▶ _Source data_
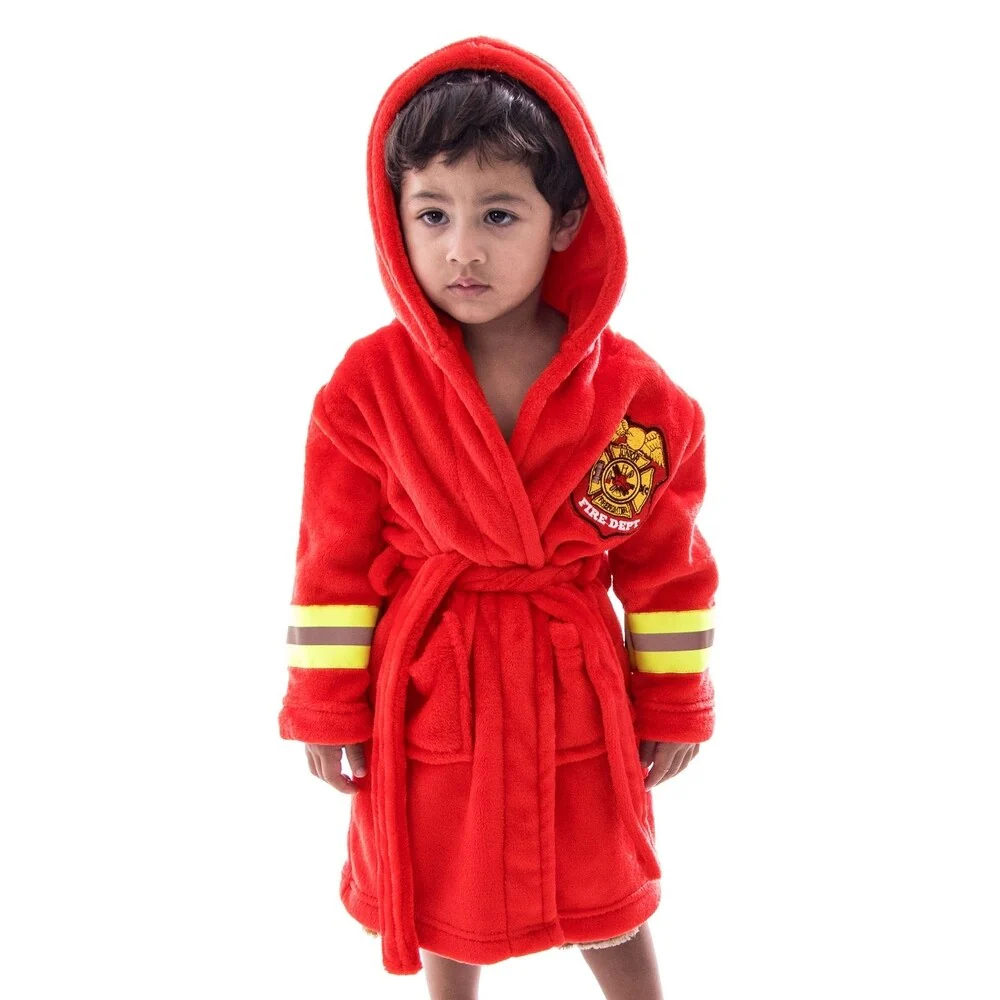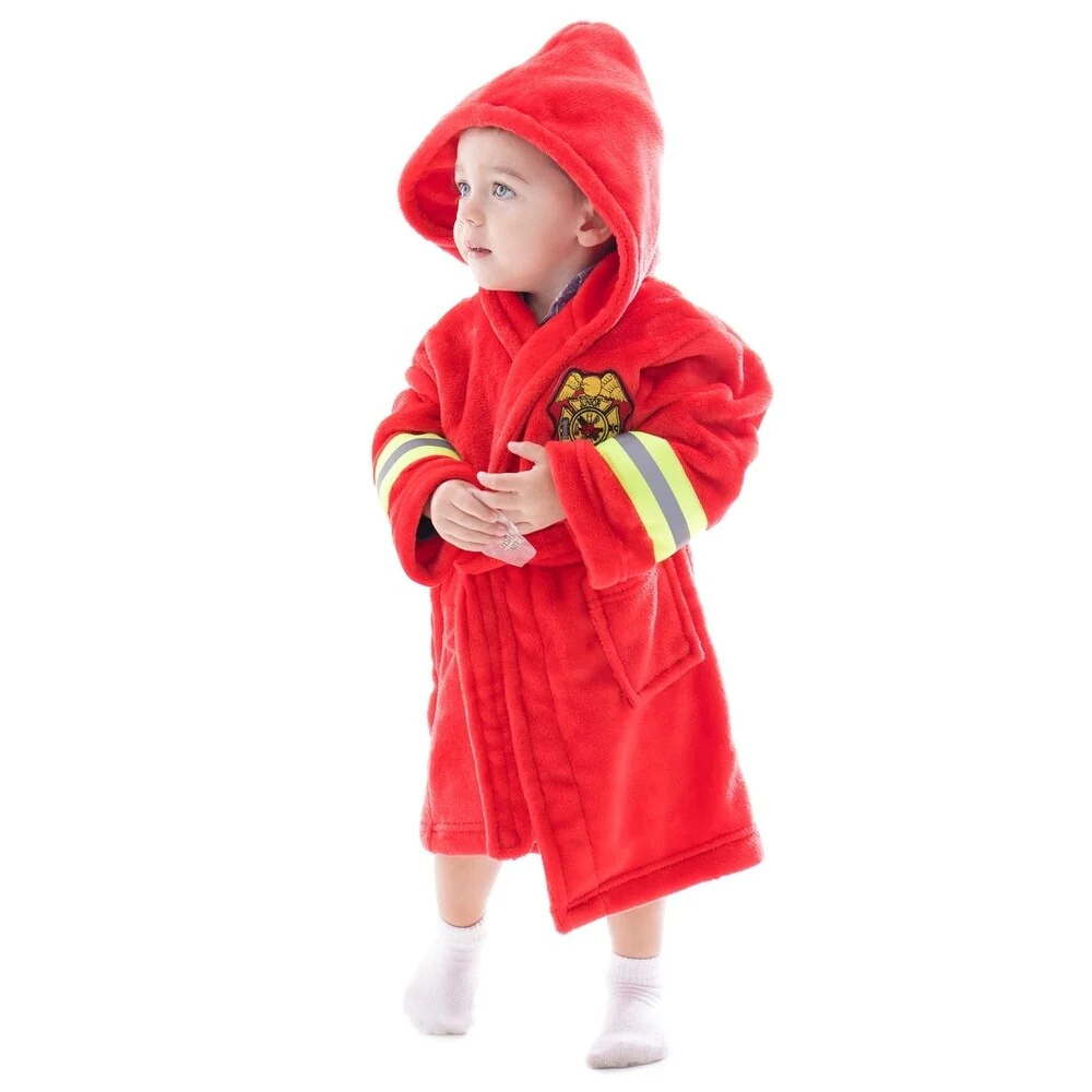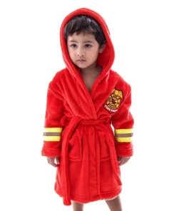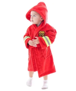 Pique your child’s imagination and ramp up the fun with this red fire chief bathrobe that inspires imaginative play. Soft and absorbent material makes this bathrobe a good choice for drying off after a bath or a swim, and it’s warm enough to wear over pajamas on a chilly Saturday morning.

---

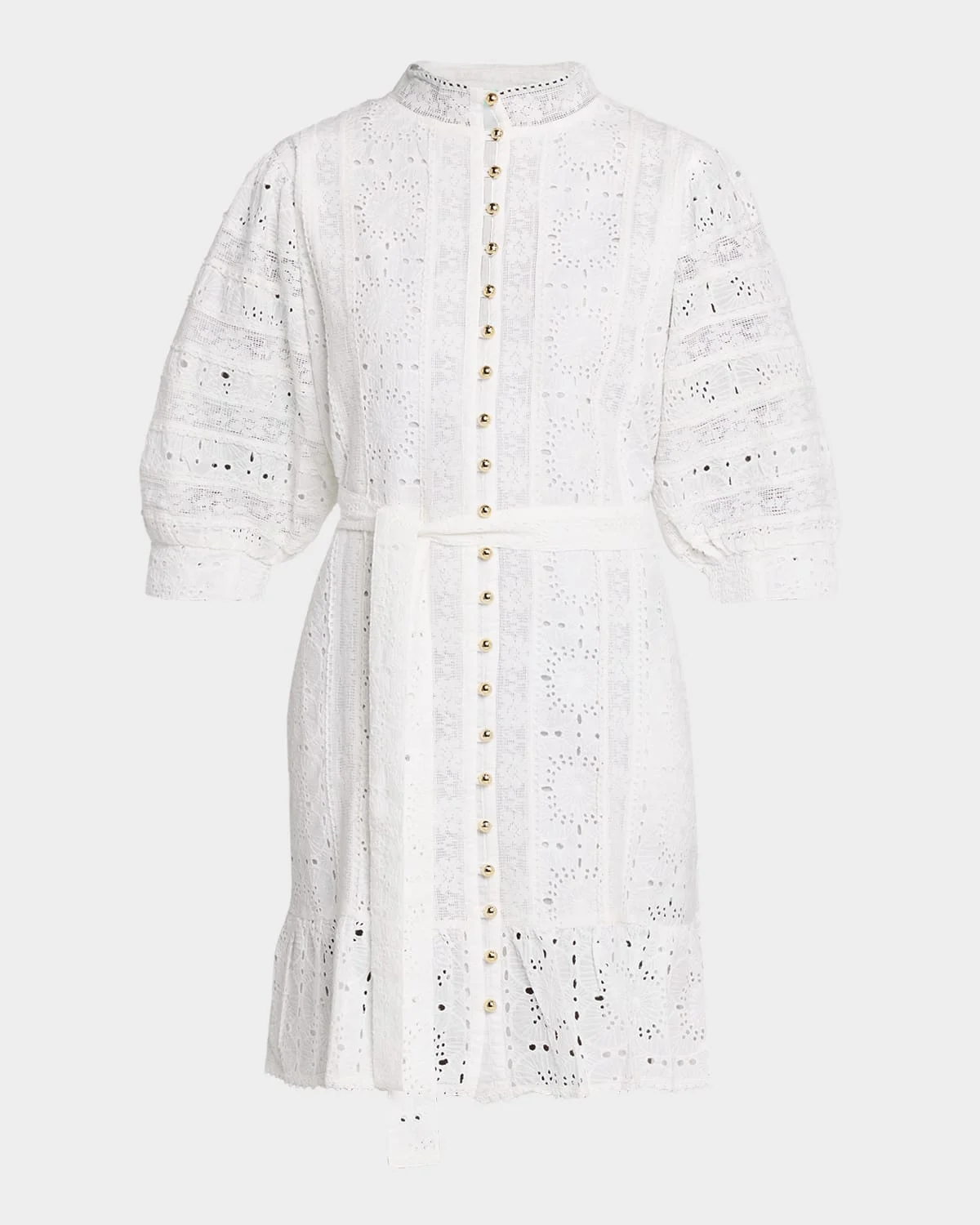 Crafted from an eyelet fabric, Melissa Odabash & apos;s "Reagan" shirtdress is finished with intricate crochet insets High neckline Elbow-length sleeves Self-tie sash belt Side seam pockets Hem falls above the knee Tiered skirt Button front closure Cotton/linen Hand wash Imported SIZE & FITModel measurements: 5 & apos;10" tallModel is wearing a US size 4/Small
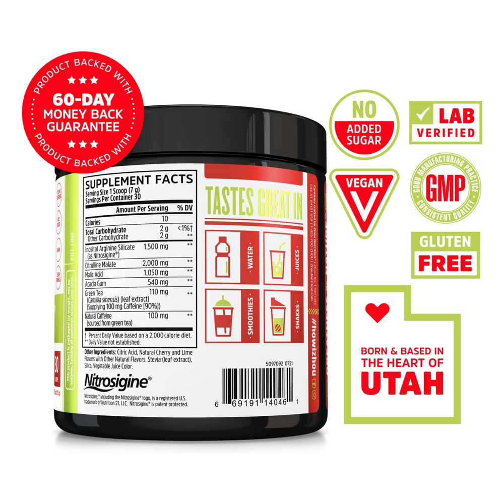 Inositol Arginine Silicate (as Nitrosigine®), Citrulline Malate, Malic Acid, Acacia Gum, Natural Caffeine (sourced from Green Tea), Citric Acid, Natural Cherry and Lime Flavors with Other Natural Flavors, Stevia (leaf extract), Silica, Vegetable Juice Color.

▶ _What you have to do_
Given the listing above, repeat exactly the lines starting at the one with "Crafted from an" and ending at the one with "Inositol Arginine Silicate", inclusive, excluding pictures.

▶ _Exercise output_
 Crafted from an eyelet fabric, Melissa Odabash & apos;s "Reagan" shirtdress is finished with intricate crochet insets High neckline Elbow-length sleeves Self-tie sash belt Side seam pockets Hem falls above the knee Tiered skirt Button front closure Cotton/linen Hand wash Imported SIZE & FITModel measurements: 5 & apos;10" tallModel is wearing a US size 4/Small
 Inositol Arginine Silicate (as Nitrosigine®), Citrulline Malate, Malic Acid, Acacia Gum, Natural Caffeine (sourced from Green Tea), Citric Acid, Natural Cherry and Lime Flavors with Other Natural Flavors, Stevia (leaf extract), Silica, Vegetable Juice Color.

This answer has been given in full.